Le joueur de flûte d’Hamelin


Les jeux sont faits. Les traitements sont terminés depuis maintenant 2 semaines, les véraisons se terminent dans les terroirs les plus tardifs. Comme chaque année, il devient donc urgent… d’attendre.

Avant de devenir vigneron, je me moquais volontiers de ces vignerons pressés qui ne pensaient, septembre venu, qu’à rentrer leurs raisins le plus vite possible, comme attirés par un air de flûte mystérieux qu’ils étaient seuls à entendre et qui leur faisait perdre leur bon sens.
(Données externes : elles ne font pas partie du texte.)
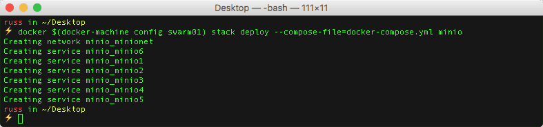 docker $(docker-machine config swarm01) stack deploy --compose-file=docker-compose.yml minioAs you can see from the terminal output above, six services and a network were created, as well as volumes which were created using the default volume driver.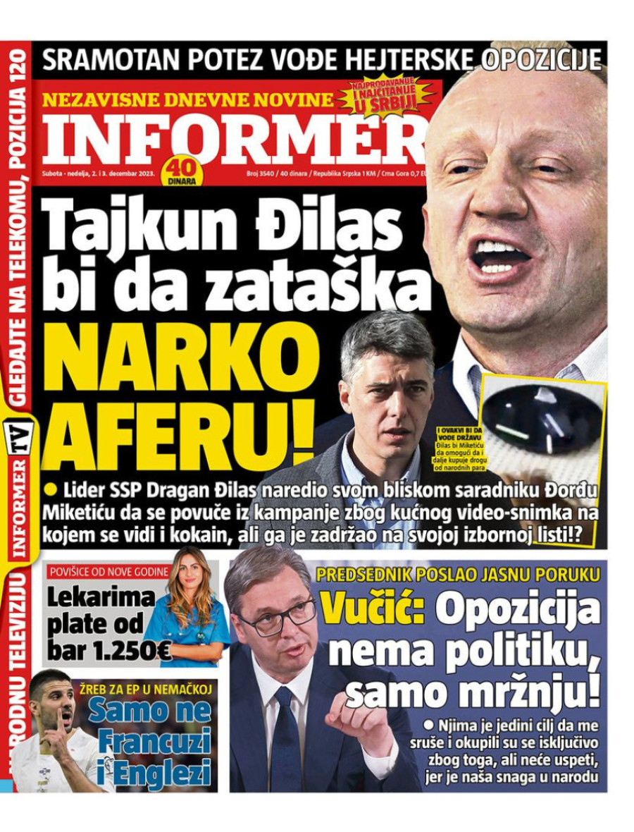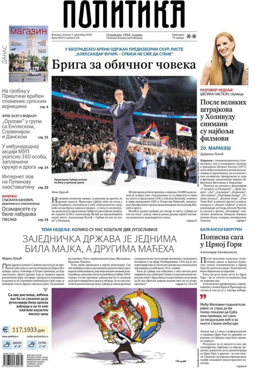 Naslovne strane dnevnih novina: Prelistavanje štampe za 3. decembar 2023. godine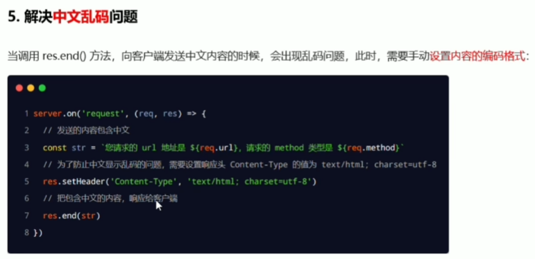 res.setHeader('Content-Type', 'text/html;charset=utf-8') //解决乱码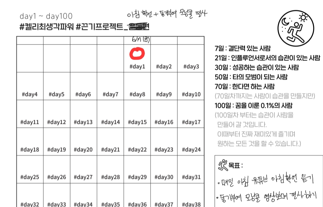 움직이지 않고 생각만 하면 아무런 변화도 일어나지 않는다. 그래서 나는 블로그를 시작했고, 매일 아침 작은 습관만들기를 시작했다. 위 끈기프로젝트 100일 습관표를 다 채웠을 때의 나는 지금의 나보다 훨씬 성장한 멋있는 모습이 되어있을 것이라고 확신한다. 위의 표를 다 채웠을 때의 내가 지금의 나와 무엇이 어떻게 달라졌는지 블로그에 꼭 리뷰를 작성하겠다!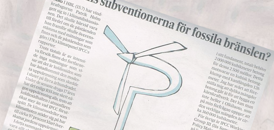 Kuukauden sisällä kaksi isoa lehteä, Hufvudstadsbladet (20.7.) sekä Tekniikka&Talous (numero 24/2014) julkaisivat puolisivuiset, ilmastotieteilijöiden osaamista kritisoivat puheenvuorot Var finns subventionerna för fossila bränslen? sekä Ilmastonmuutos – tiedettä vai uskontoa?. Kirjoittajien vakavilta vaikuttaviin syytöksiin kuului muun muassa se, että näyttö ei riitä hiilidioksidin lämmittävään vaikutukseen, ja että mallinnukset ovat liioitelleet liki sata prosenttia ilmaston lämpenemisestä. Jotta median kanta olisi neutraali, tulisi kummankin lehden nyt julkaista pitkä sarja ilmastotiedettä tukevia artikkeleita, tunnustaahan maailman ilmastotieteilijöistä 97% ilmastonmuutoksen ja ihmisen vaikutuksen siihen (Cook et al. 2013).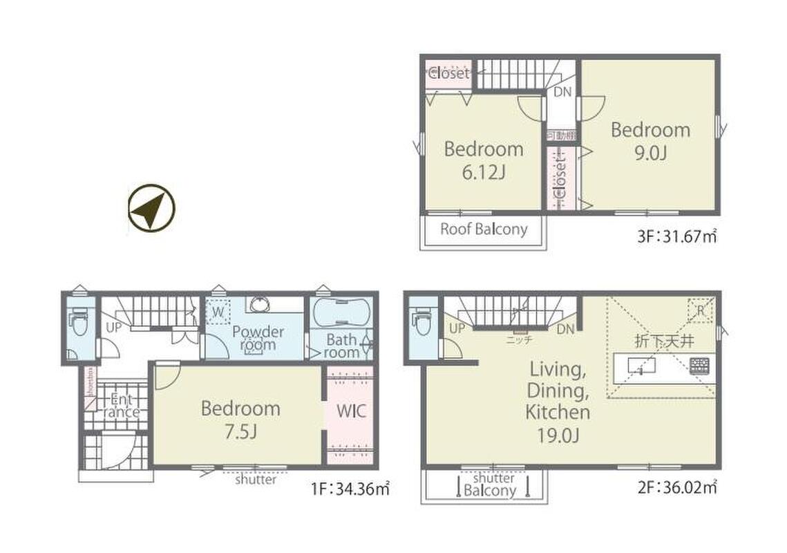 - 102.05m2・113.22m2(30.86坪・34.24坪)(実測)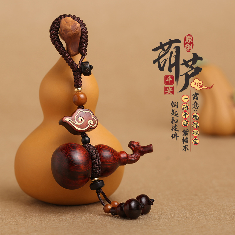하이 엔드 작은 잎 로즈 우드 조롱박 키 체인 펜던트 자동차 안전 키 체인 나무 조각 가방 펜던트 남성과 여성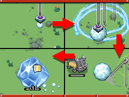 <------冰 特效:可以使用冰球攻击小精灵使其成为麻痹状态. 使用方法:用笔点击触摸屏,即会形成冰球,耍出去击中小精灵便可造成伤害并产生特效.可以通过画圈使冰球增大,威力和特效时间随之增加. 伤害修正:冰球攻击---0.5/1/2(根据冰球大小),画圈---1.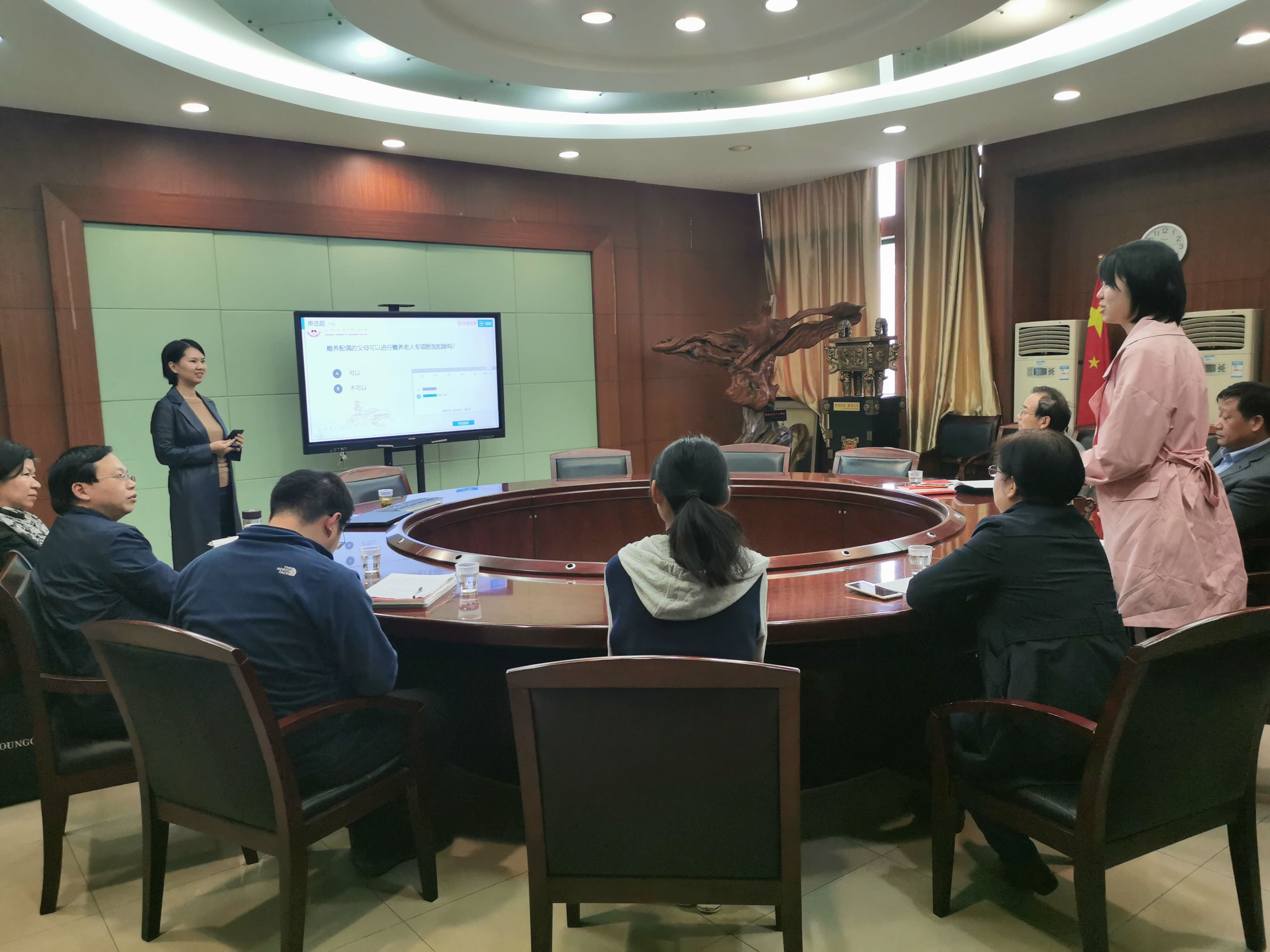 倪娟老师以《中国税制》课程中的个人所得税-专项附加扣除为主要内容,分别从子女教育、继续教育、大病医疗、住房贷款利息、赡养老人专项附加扣除等几个方面详细讲述了课程知识,整个讲课过程逻辑清晰,精神饱满,表达流畅,难易适度,并熟练使用“雨课堂”新媒体技术手段与学生进行互动。讲课结束后,各位评委老师充分肯定了倪娟老师的讲课优点,并从课程内容、语气语调、课件制作、案例引入等多方面提出改进建议,同时分享交流了授课经验和技巧方法。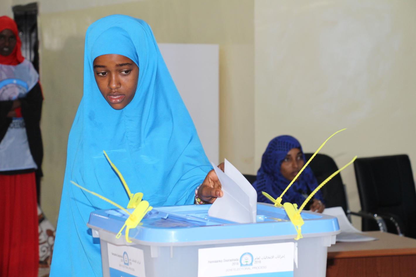 A delegate casts her vote during the electoral process to choose members of the House of the people in Baidoa, Somalia on 1 December 2016. UN Photo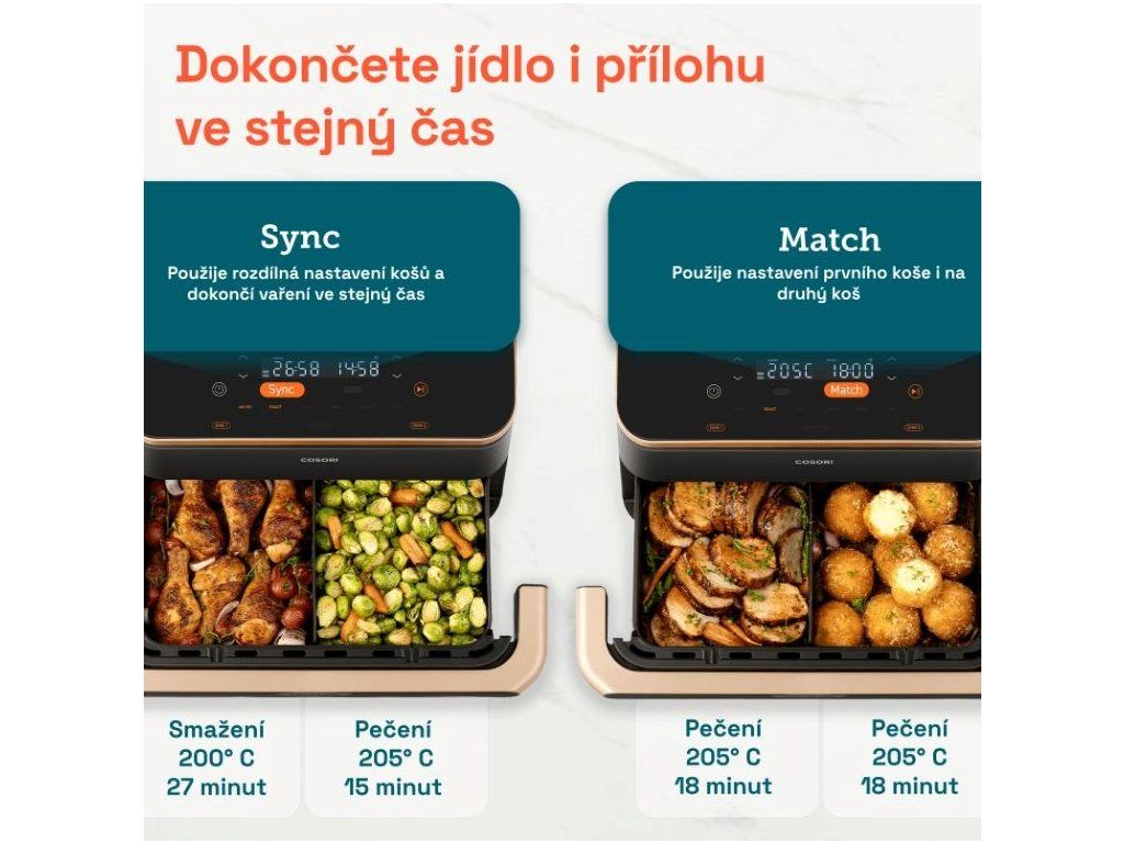 Fritéza má dômyselnú funkciu Sync. Ak rozdelíte kôš na dve časti a chcete pripraviť dve rôzne jedlá, stlačením tlačidla Sync synchronizujete prípravu a ukončíte ju v rovnakom čase. Hotový vedľajší pokrm sa nevysuší, kým čakáte na prípravu hlavného jedla. Funkcia Match vám potom umožní rýchlo nastaviť rovnaký program v oboch košoch bez toho, aby ste museli robiť to isté dvakrát.

Aujourd’hui, je ne souris plus, car j’ai pris conscience de la difficulté à résister à cet empressement collectif, cette tension presque palpable, à cette envie presque physique qui déferle sur le vignoble comme une épidémie : l’envie dévorante de vendanger le plus vite possible.

« Untel a commencé ! » « Les prélèvements l’affirment, c’est mûr » ! « On a rattrapé le retard, il ne faudra pas traîner, cette année » ! Et comme l’être humain a dans ses gênes une profonde attirance pour l’imitation, à entendre et à voir tout cela, une furieuse envie de commencer à couper du raisin vous saisit, au point parfois de fausser complètement votre jugement et de, le mot n’est pas trop fort, vous abuser dans la perception des maturités.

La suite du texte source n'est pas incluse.